▶ EXCERPTED RECORDS:
*** Block opens ***
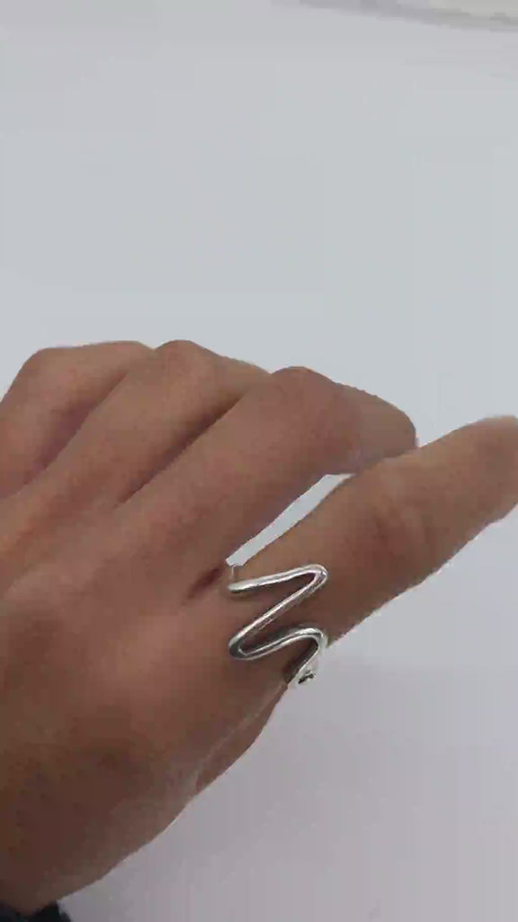 Silver Heartbeat Ring - Artistic Pulse Ring - Silver Wave Ring
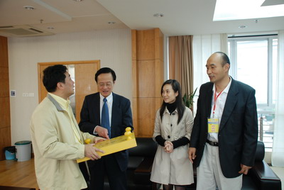晏平(左一)接受陈祖德(左二)赠送的棋盘
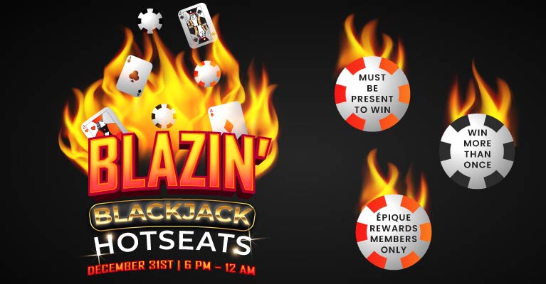 Rules: Épique Rewards members must have their card activated by the dealer prior to winning the hot seat. Players must ensure that they are a named player. Players must be actively playing Blackjack to qualify. Guests must possess a valid photo ID and Épique Rewards card. Failure to do so will result in a new winner being selected. Prizes will be distributed at the table. Prizes will be valid until 11:59 pm the following day. Guests may win more than once. Management reserves all rights to alter or stop the promotion at any time without warning.
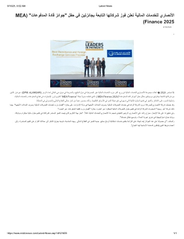 نﯾﺗﻧﺛا زوﻓ نﻋ ،(DFM: ALANSARI) زﻣرﻟا تﺣﺗ ﻲﻟﺎﻣﻟا ﻲﺑد قوﺳ ﻲﻓ ﺔﺟردﻣﻟاو ،ﺞﯾﻠﺧﻟا لود ﻲﻓ ﺔﯾﻓرﺻﻣﻟا رﯾﻏ ﺔﯾﻟﺎﻣﻟا تﺎﻣدﺧﻠﻟ دوزﻣ رﺑﻛأ ،ع.م.ش ﺔﯾﻟﺎﻣﻟا تﺎﻣدﺧﻠﻟ يرﺎﺻﻧﻷا ﺔﻋوﻣﺟﻣ تﻧﻠﻋأ � 2025 رﺑﻣﺗﺑﺳ15
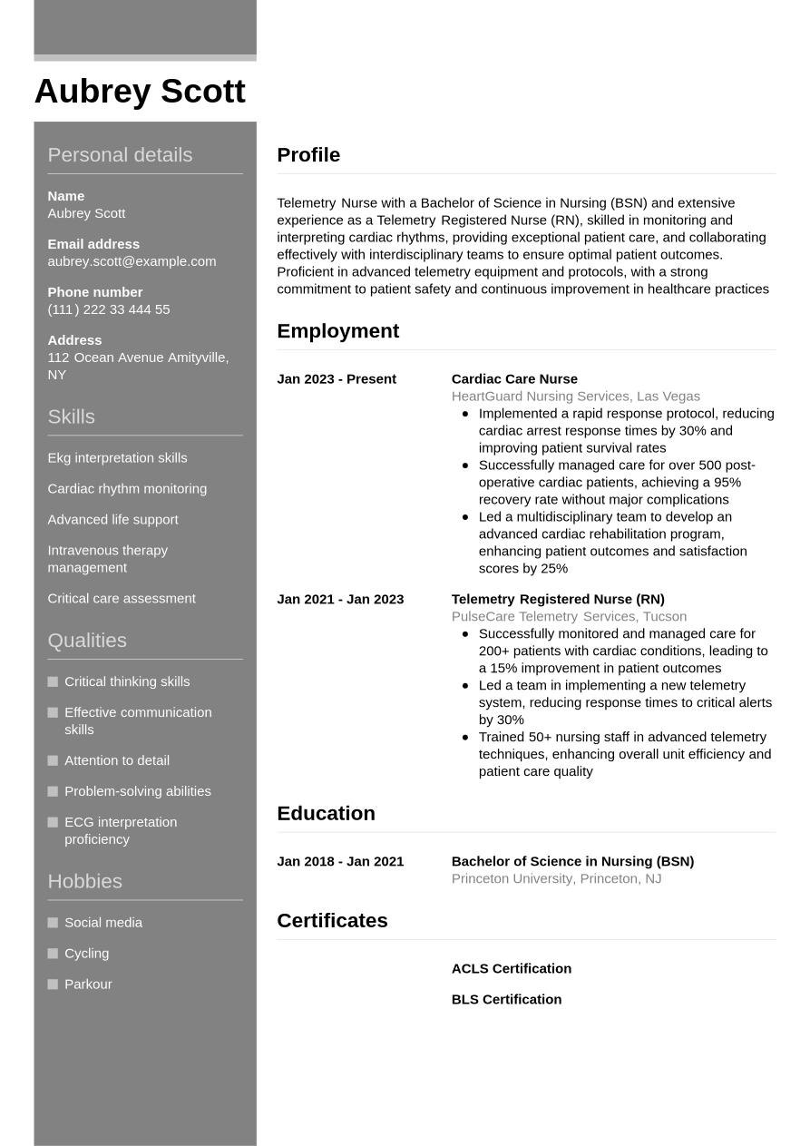 Pursuing a career as a telemetry nurse provides opportunities for career progression and responsibilities involving assessing patient vitals and monitoring ECG readings. A professional resume for telemetry nurse applications will showcase your relevant skills and career achievements, to help you stand out from the crowd. In this article, we'll outline how to write a winning resume to boost your chances of success in your telemetry nurse applications.
*** Block closes ***
▶ WHAT THE EXERCISE ASKS:
Pictures are to be omitted from the copy, and only the lines from the one containing "نﯾﺗﻧﺛا زوﻓ نﻋ" through the final line of the listing above are to be written out exactly.

▶ SOLVED PROBLEM:
 نﯾﺗﻧﺛا زوﻓ نﻋ ،(DFM: ALANSARI) زﻣرﻟا تﺣﺗ ﻲﻟﺎﻣﻟا ﻲﺑد قوﺳ ﻲﻓ ﺔﺟردﻣﻟاو ،ﺞﯾﻠﺧﻟا لود ﻲﻓ ﺔﯾﻓرﺻﻣﻟا رﯾﻏ ﺔﯾﻟﺎﻣﻟا تﺎﻣدﺧﻠﻟ دوزﻣ رﺑﻛأ ،ع.م.ش ﺔﯾﻟﺎﻣﻟا تﺎﻣدﺧﻠﻟ يرﺎﺻﻧﻷا ﺔﻋوﻣﺟﻣ تﻧﻠﻋأ � 2025 رﺑﻣﺗﺑﺳ15
 Pursuing a career as a telemetry nurse provides opportunities for career progression and responsibilities involving assessing patient vitals and monitoring ECG readings. A professional resume for telemetry nurse applications will showcase your relevant skills and career achievements, to help you stand out from the crowd. In this article, we'll outline how to write a winning resume to boost your chances of success in your telemetry nurse applications.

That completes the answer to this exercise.